A evolução dos RPGs nos consoles caseiros

Os RPGs estão atrelados à essência dos jogos, e até aos próprios videogames, acompanhando toda sua evolução tecnológica ao atual estágio de comparação a verdadeiras obras cinematográficas.



Para compreendermos o panorama geral dos RPGs, devemos ir primeiramente aos anos 70, mais precisamente para 1974, quando houve o primeiro registro oficial de um jogo RPG. Criado por Gary Gygax e Dave Anderson, o Dungeons & Dragons deu o pontapé inicial neste estilo de jogo, hoje tão amado pelos jogadores.

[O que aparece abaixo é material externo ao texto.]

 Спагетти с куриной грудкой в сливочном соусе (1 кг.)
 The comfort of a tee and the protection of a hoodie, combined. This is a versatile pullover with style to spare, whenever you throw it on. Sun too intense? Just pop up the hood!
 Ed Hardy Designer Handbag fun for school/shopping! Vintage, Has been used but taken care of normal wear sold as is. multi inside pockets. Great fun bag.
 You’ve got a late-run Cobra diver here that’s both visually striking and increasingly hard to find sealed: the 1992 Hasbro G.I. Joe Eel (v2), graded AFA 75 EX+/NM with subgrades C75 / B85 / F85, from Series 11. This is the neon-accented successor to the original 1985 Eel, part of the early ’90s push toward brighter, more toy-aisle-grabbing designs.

Quando lançado, o D&D era inicialmente um complemento de outro jogo criado anteriormente em 1971 por Gygax e Jeff Perren, o Chainmail. No entanto, ele acabou se desvencilhando disso e se transformando em um jogo próprio e inovador. Originalmente, era de uma estrutura extremamente simples, se comparado aos RPGs atuais, influenciado principalmente por jogos de guerra e estratégia. Atualmente é um dos estilos mais jogados no mundo e foi adaptado por outras formas de mídia, incluindo videogames e até como desenho animado, afinal, quem nunca acompanhou as aventuras dos pupilos do Mestre dos Magos na Caverna do Dragão?

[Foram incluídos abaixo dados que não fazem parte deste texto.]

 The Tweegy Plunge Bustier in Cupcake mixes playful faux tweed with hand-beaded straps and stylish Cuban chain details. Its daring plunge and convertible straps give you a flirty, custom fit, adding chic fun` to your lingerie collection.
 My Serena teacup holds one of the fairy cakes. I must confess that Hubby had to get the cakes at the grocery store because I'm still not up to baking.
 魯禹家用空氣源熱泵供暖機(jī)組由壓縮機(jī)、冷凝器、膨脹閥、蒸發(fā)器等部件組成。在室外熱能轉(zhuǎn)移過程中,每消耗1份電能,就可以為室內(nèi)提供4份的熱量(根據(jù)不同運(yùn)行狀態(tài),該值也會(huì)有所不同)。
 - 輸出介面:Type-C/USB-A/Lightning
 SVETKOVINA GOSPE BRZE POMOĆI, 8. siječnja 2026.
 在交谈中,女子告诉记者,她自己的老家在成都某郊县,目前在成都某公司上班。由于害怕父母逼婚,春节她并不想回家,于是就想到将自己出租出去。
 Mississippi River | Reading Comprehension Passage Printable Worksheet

A primeira adaptação para o mundo virtual


Com os jogos eletrônicos em alta e os computadores caseiros começando a invadir as casas dos cidadãos comuns, não demorou muito para que os RPGs encontrassem uma nova forma de se disseminar. Em 1979 surge o primeiro game baseado no estilo, Akalabeth: World of Doom.

Lançado para os computadores Apple II, sua jogabilidade era simples, com um visual quase todo monocromático e composto por gráficos vetoriais, criando uma ilusão de 3D, similar ao que faz Star Fox (SNES). Uma curiosidade é que este jogo, criado por Richard Garriot, é o precursor da série Ultima.

A invasão nos consoles caseiros



Os anos 80 vieram e, com eles, a explosão no mercado dos videogames caseiros, principalmente com os consoles da segunda geração que tinha como seu principal representante o Atari 2600.

Adventure (Atari 2600) foi um dos primeiros jogos a explorar esse ambiente trazido pelos RPGs, porém, ele segue uma linha mais próxima dos jogos de ação ou aventura, não sendo necessariamente um RPG propriamente dito. Ele foi muito inovador, trazendo várias puzzles a serem resolvidas, sendo o primeiro a permitir que o personagem usasse vários itens e forçando o jogador a escolher qual deles seria melhor utilizado para cada enigma

No seu desenvolvimento, o jogo chegou a ser desencorajado pelo chefe da Atari, pois ele achava que, pela dificuldade do projeto, seria impossível desenvolver um título como esse. Entretanto, com as ideias do designer gráfico Warren Robinet, o game acabou se tornando um sucesso, vendeu milhões de cópias na época e foi o sétimo mais vendido de sua plataforma.

Dungeons & Dragons e Tolkien: as inspirações para o primeiro RPG dos consoles caseiros 

A segunda geração de videogames teve o Atari como seu maior representante, foi um dos videogames mais vendidos no mundo, responsável pelo apogeu e queda dos consoles caseiros. Porém, engana-se quem pensa que o primeiro RPG foi feito para ele.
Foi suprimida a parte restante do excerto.